A Guide to the Canine Herpes Virus...

The canine herpes virus is a very serious medical condition that is associated with the female genitalia. If the virus is present then this can lead to the pregnancy being aborted. It is also possible that the entire litter can die straight after whelping or the pregnant bitch can give birth to stillborn puppies. The condition can also lead to the female becoming infertile.

As previously mentioned puppies can die very quickly if the herpes virus is present (the canine herpes virus is transmitted by the female through the female's oral and vaginal secretions that have become infected).

If the female is experiencing a case of herpes then it is possible that the puppies could be saved through an emergency caesarean operation and the puppies reared isolated in incubators (although this does not always guarantee that the affected puppies will survive).

The symptoms of a dog experiencing herpes will normally include vaginitis and rhinitis. Unfortunately there is currently no known vaccine to protect dogs from the virus (although immunity can be increased via a vaccine discussed on the right of the page).

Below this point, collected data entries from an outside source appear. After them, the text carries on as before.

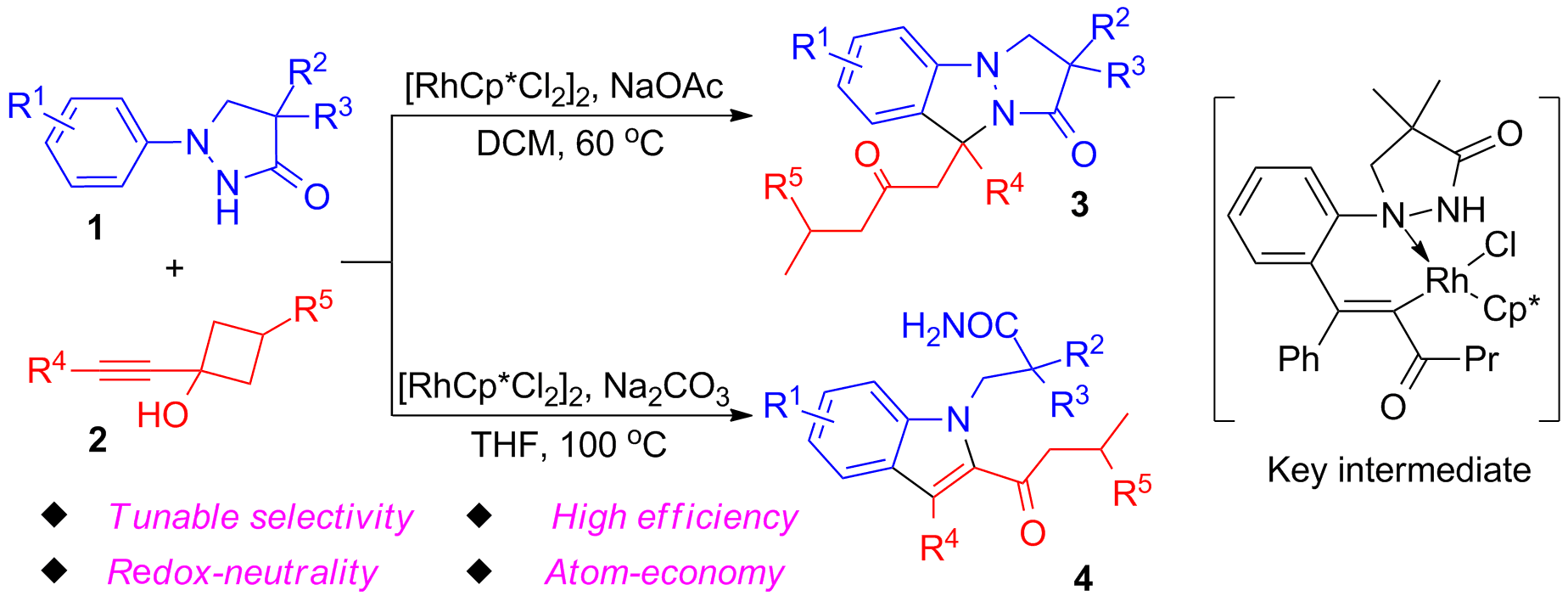 4) Yuanshuang Xu, Mengyang Shen, Xinying Zhang*, and Xuesen Fan*. Selective Synthesis of Pyrazolo[1,2-a]pyrazolones and 2-AcylindolesviaRh(III)-Catalyzed Tunable Redox-Neutral Coupling of 1-Phenylpyrazolidinones with Alkynyl Cyclobutanols. Org. Lett., 2020, 22, 4697-4702.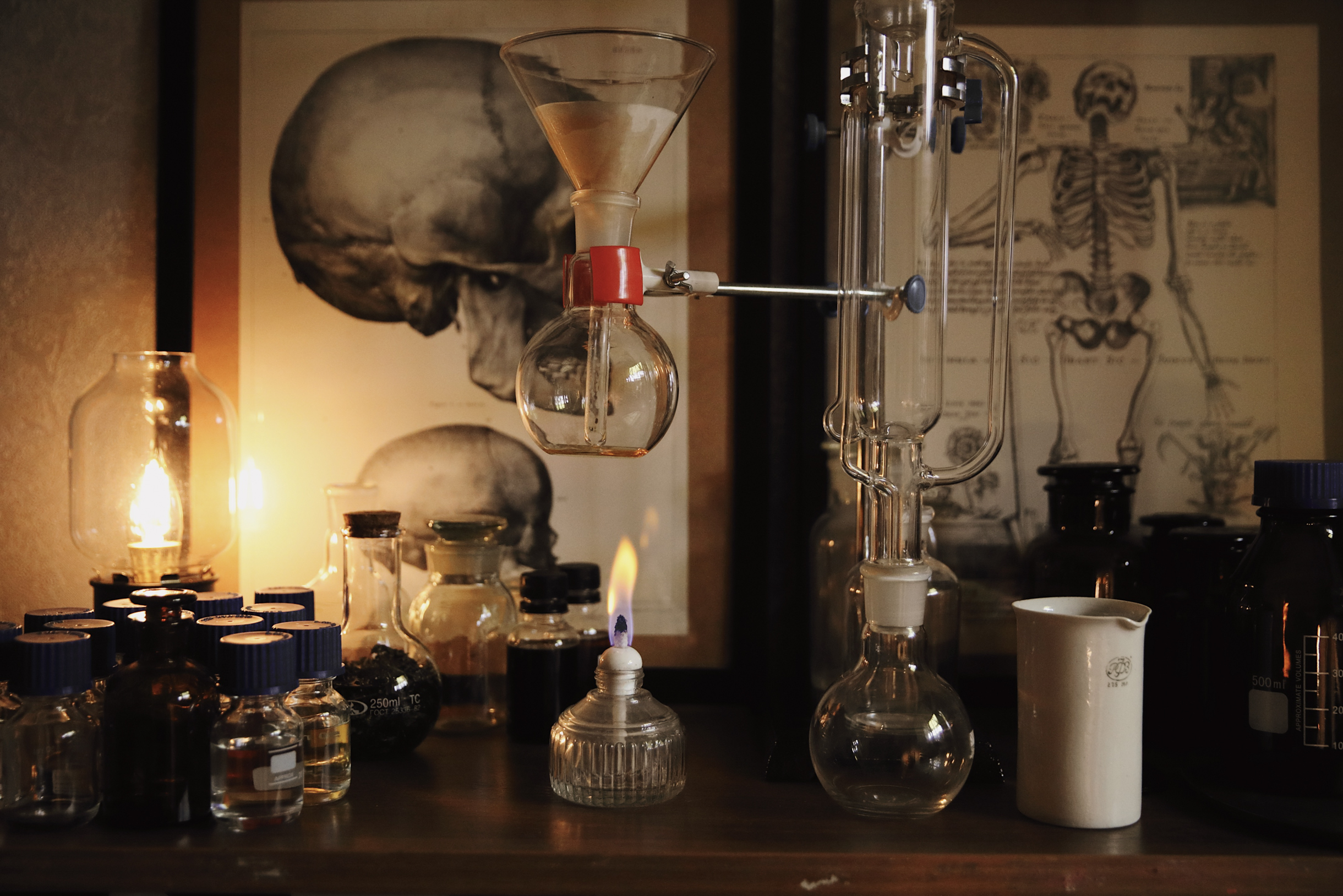 После этого жидкость переливаем в колбу и подключаем к экстрактору, который начинает нагреваться. Растворитель закипает, испаряется, проходит по трубкам и охлаждается. В экстракторе накапливаются душистые вещества — так получается абсолют. Затем его оставляют выстаиваться от трех недель до шести месяцев.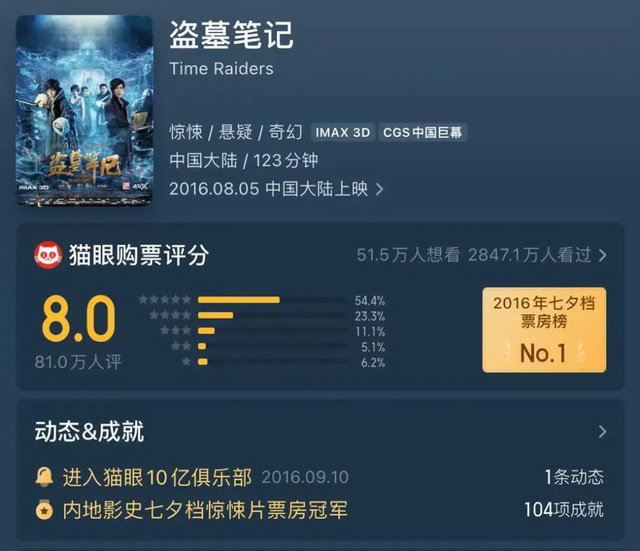 从上述表格不难看出,自《何以笙萧默》开始,剧改影作品的整体票房水平,明显提升了一个档次,但口碑却整体下滑了一个档次。《盗墓笔记》超10亿的票房成绩,更是被业界视作电影市场进入“IP+流量”时代的起点。

The causes of canine herpes virus is through the virus being transmitted to the puppies either through the birth canal or through one of the puppies having contact with another dog or human that has been in contact with the herpes virus (possibly through having touched an infected dog or puppy). Once the puppies have become infected the symptoms will normally start to show from the age of five days up to twenty one days old. The symptoms will normally include puppies passing discolored diarrhea, becoming bloated and whimpering. Affected puppies may also lose coordination and experience a sudden drop in their temperature. Puppies can die very quickly after symptoms develop.

Puppy mortality (death) is actually more common than some owners realise. In fact it is estimated that approximately 1 in 3 puppies do not survive past the weaning age. This could be due to a variety of factors including inadequate vaccinations, lack of feeding from the mother or poor unhygienic whelping quarters. It is also possible for puppies to become badly injured during the actual birth (during the expulsion from the birth canal) or from diseases being passed on via the mother. If the mother's milk is in bad condition then this could lead to health problems and even death for the puppies.

One of the most common factors leading to puppy fatalities is through hereditary defects including physical health defects such as a Cleft palate (this is where the puppy's mouth is not properly formed and leaves an opening in the puppy's mouth). A puppy suffering from a Cleft Palate may not be able to receive proper and adequate nourishment as the milk has a tendency to seep out of the puppy's mouth leading to possible malnourishment.

Another hereditary condition that can lead to puppy deaths is Umbilical hernia. This condition occurs when the fatty tissue or intestine starts to penetrate the abdominal lining and puts pressure on the puppy's skin (leading to swelling). Other conditions that can lead to puppy deaths can include physical immaturity of the young puppies, heart defects (disease), fading puppy syndrome (which can also be caused by the canine herpes virus), hemophilia and other circulatory problems. The Canine herpes virus (which is also referred to as CHV1 is also a cause of Kennel cough in dogs and puppies).

The only effective method to diagnose whether your puppy has experienced the virus is postmortem (after death). It is also possible for a vet to determine whether the infection has been a factor in the puppy's death via blood tests performed on the mother.


> Canine Herpes Virus


Below is a step by step guide to the Canine Herpesvirus (CHV)...

The virus is primarily seen in puppies less than a week old. The condition is transmitted via the uterus as the puppies pass through the birth canal. The condition can also be transmitted via contact with infected dogs or via contaminated objects. Dogs can also become infected by licking water from contaminated bowls.

The likelihood of a dog coming into contact with the virus within kennels is estimated at about 80% however this is reduced to about 10-15% for dogs found in normal household environments. It is important to also mention that adult dogs that do come into contact with the virus may only display mild symptoms or none at all. Adult dogs actually act as carriers of the infection (they will have become immune due to building up a resistance to the infection). However, they are still infectious and can pass the infection to other dogs and puppies.


Prevention and treatment...

As previously mentione dogs affected by the virus may only display mild symptoms (normally in the form of a respiratory tract infection). However, once this clears up the dog will still carry the virus but will not display any symptoms. It is also possible for a pregnant female to pass some of this immunity to their unborn offspring via the colostrum when the puppy feeds on their first milk.

There is a vaccine available that can protect puppies (known as the Eurican Herpes 205 vaccine). This is administered via an injection given to the female when she is ready for breeding. The next injection is administered a few weeks later.

The virus is also easily destroyed through a variety of household disinfectants. If the virus is exposed to heat (above 104 degrees farenheit) this will also kill the virus and it's ability to infect dogs and puppies.